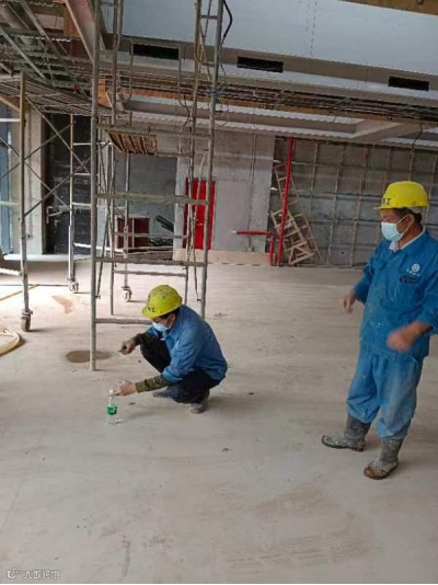 南昌象湖老年养护中心项目,防水班组余官宝、胡国强,正在地面补漏
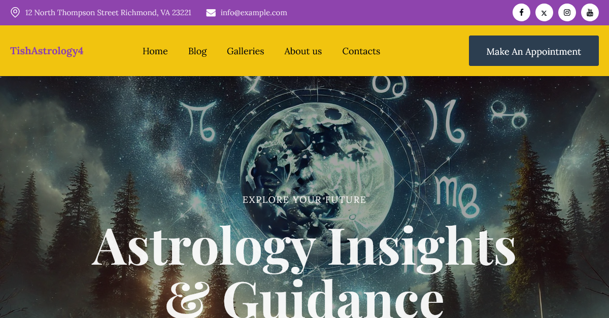 TishAstrology4 поєднує естетичну привабливість із функціональним дизайном. Тема побудована на блоках Гутенберга, що забезпечує неперевершену гнучкість у створенні та налаштуванні вашого веб-сайту. Чистий, сучасний дизайн гарантує, що ваш вміст виділятиметься, а елементи на тему астрології додадуть нотки містики та привабливості. Кольорова схема за замовчуванням, натхненна нічним небом, включає опівнічно-блакитний, зоряний білий, небесне золото, туманно-фіолетовий і місячний сірий, створюючи гармонійний і візуально привабливий фон для вашого вмісту.
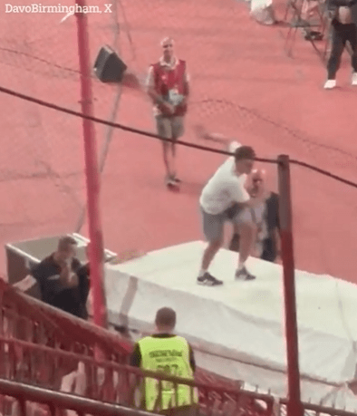 설상가상 흥분을 참지 못한 한 세르비아 팬이 잉글랜드 원정 응원석 쪽으로 진입하기 위해 비계 구조물에 올라타 안쪽으로 들어가기 시작했다. 다행히 경기장 보안 요원들이 그를 에워쌌고, 금세 진압에 성공했다.
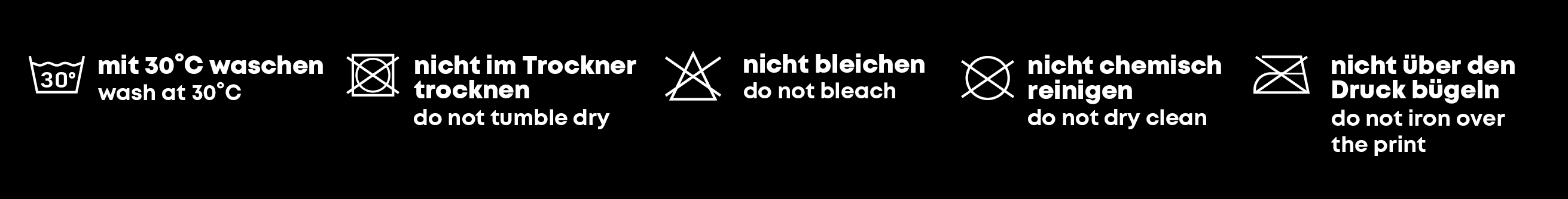 Die ursprünglich eingenähte Waschanleitung des Textils ist durch unsere Veredelung nicht mehr gültig. Bitte halte dich ausschließlich an diese Hinweise.
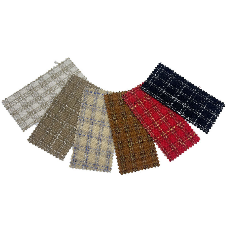 Această țesătură, desemnată ca articolul 3764, este un material textil tweed țesut compus 100% din alte fibre. Cu o masă pe unitate de suprafață de 560 g/m, prezintă o construcție cu greutate medie spre grea. Suprafața combină un model de carouri cu o structură de chenille care a suferit un proces de periere. Această tehnică de finisare ridică fibrele din firele de chenilie, creând o textură de suprafață moale. Designul cecului este format prin interacțiunea firelor colorate în procesul de țesut, menținând precizia geometrică. Aceste tehnici de fabricație au ca rezultat o țesătură cu definiție vizuală a modelului și o calitate tactilă distinctivă. Acest tweed țesut este aplicabil pentru îmbrăcămintea pentru femei unde sunt necesare interesul la suprafață și integritatea structurală.
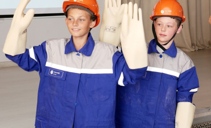 Кроме того, специалисты Тимашевских электрических сетей провели эстафету, где ребята соревновались в примерке специальных средств защиты энергетиков.
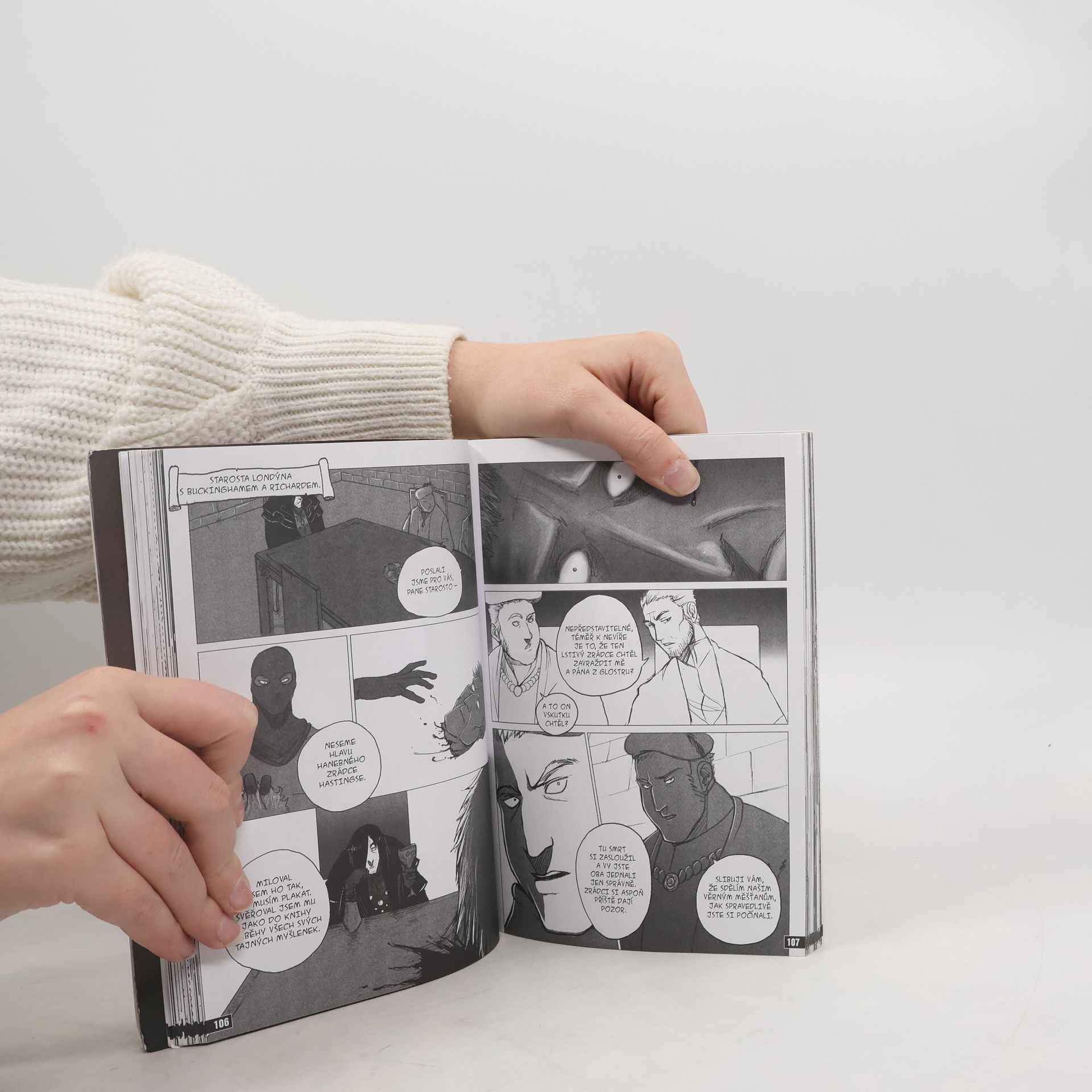 „Já předurčen byl stát se zločincem," prohlašuje vévoda z Glostru ve chvíli, kdy se chystá vztáhnout ruku po anglické koruně a stát se králem Richardem III. Tato adaptace propojuje klasický shakespearovský jazyk v brilantním překladu Martina Hilského s moderním, dynamickým grafickým stylem japonského komiksu - mangy. Patrick Warren, přední britský manga ilustrátor, ponechává Richardův příběh v původních kulisách středověké Anglie, ale dodává mu ryze dnešní atmosféru; temný, gotický středověk působí v jeho výtvarném podání navýsost aktuálně. Taková aktuálnost je ostatně na místě, protože dramatický příběh Richarda III. se v různých obměnách odehrává v každé době nanovo; v každé době se objeví nějaký ten tyran, který při své cestě na vrchol bezohledně likviduje vše, co mu stojí v cestě... Richard III. je druhou knihou z edice Manga Shakespeare, která - jak už název napovídá - představuje dílo největšího světového dramatika a básníka prostřednictvím japonské mangy. Důraz ovšem neklade jen na vizuální styl, ale dbá i na krásu Shakespearova jazyka a na citlivé dramaturgické zpracování každé Shakespearovy hry. Edici Manga Shakespeare tak ocení všichni, kteří se chtějí seznámit s nádherně barevným, krutým i laskavým světem Shakespearových her, ale bojí se kvůli tomu zajít do divadla či sáhnout po „pouhém" neilustrovaném textu.
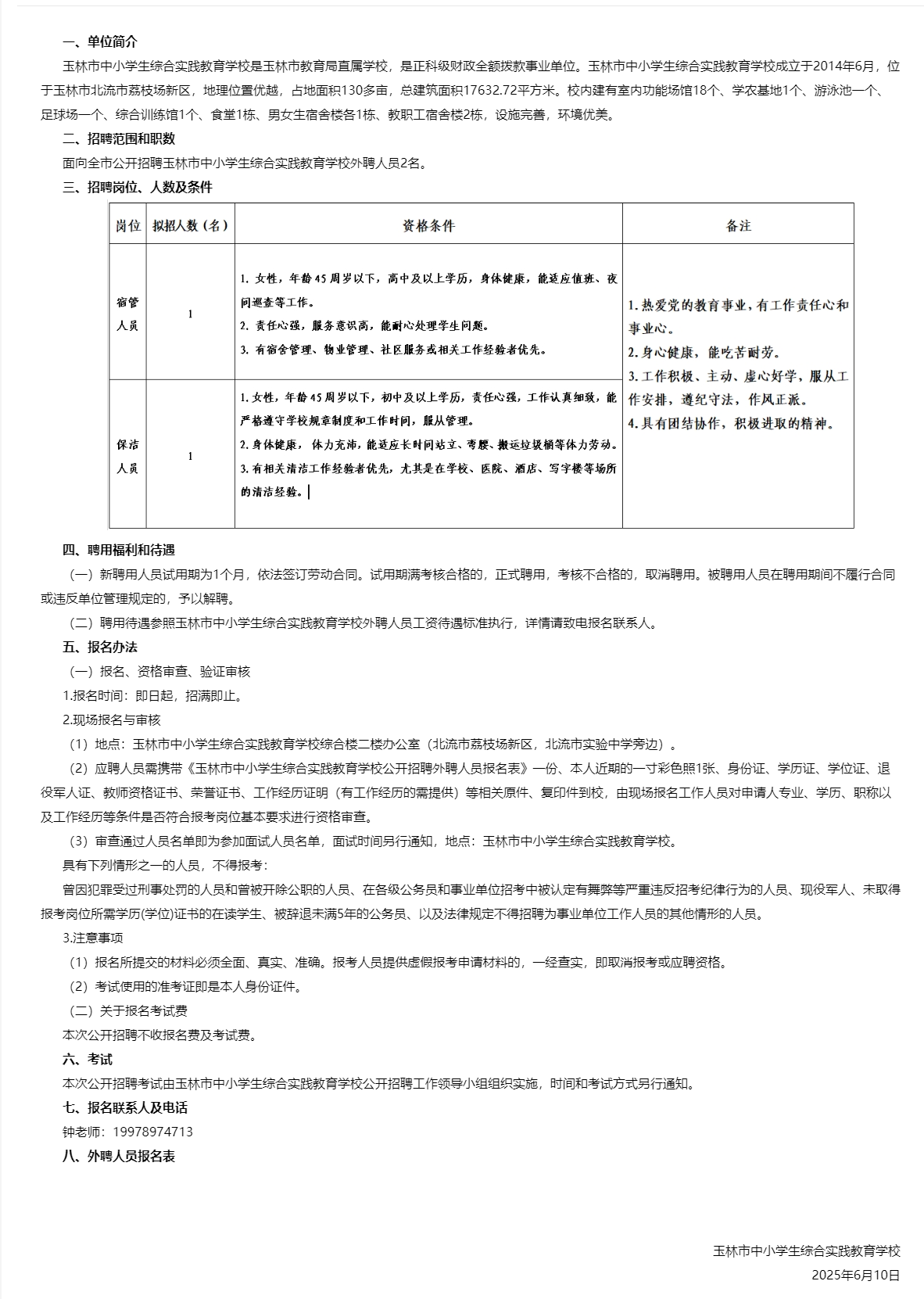 2025年玉林市中小學(xué)生綜合實踐教育學(xué)校公開招聘外聘人員公告(五)

▶ YOUR GOAL: In the records above, find the line containing "TishAstrology4 поєднує естетичну" and the line containing "Кроме того, специалисты", then give both of them again word for word along with every line between. Omit any pictures.

▶ WRITTEN SOLUTION:
 TishAstrology4 поєднує естетичну привабливість із функціональним дизайном. Тема побудована на блоках Гутенберга, що забезпечує неперевершену гнучкість у створенні та налаштуванні вашого веб-сайту. Чистий, сучасний дизайн гарантує, що ваш вміст виділятиметься, а елементи на тему астрології додадуть нотки містики та привабливості. Кольорова схема за замовчуванням, натхненна нічним небом, включає опівнічно-блакитний, зоряний білий, небесне золото, туманно-фіолетовий і місячний сірий, створюючи гармонійний і візуально привабливий фон для вашого вмісту.
 설상가상 흥분을 참지 못한 한 세르비아 팬이 잉글랜드 원정 응원석 쪽으로 진입하기 위해 비계 구조물에 올라타 안쪽으로 들어가기 시작했다. 다행히 경기장 보안 요원들이 그를 에워쌌고, 금세 진압에 성공했다.
 Die ursprünglich eingenähte Waschanleitung des Textils ist durch unsere Veredelung nicht mehr gültig. Bitte halte dich ausschließlich an diese Hinweise.
 Această țesătură, desemnată ca articolul 3764, este un material textil tweed țesut compus 100% din alte fibre. Cu o masă pe unitate de suprafață de 560 g/m, prezintă o construcție cu greutate medie spre grea. Suprafața combină un model de carouri cu o structură de chenille care a suferit un proces de periere. Această tehnică de finisare ridică fibrele din firele de chenilie, creând o textură de suprafață moale. Designul cecului este format prin interacțiunea firelor colorate în procesul de țesut, menținând precizia geometrică. Aceste tehnici de fabricație au ca rezultat o țesătură cu definiție vizuală a modelului și o calitate tactilă distinctivă. Acest tweed țesut este aplicabil pentru îmbrăcămintea pentru femei unde sunt necesare interesul la suprafață și integritatea structurală.
 Кроме того, специалисты Тимашевских электрических сетей провели эстафету, где ребята соревновались в примерке специальных средств защиты энергетиков.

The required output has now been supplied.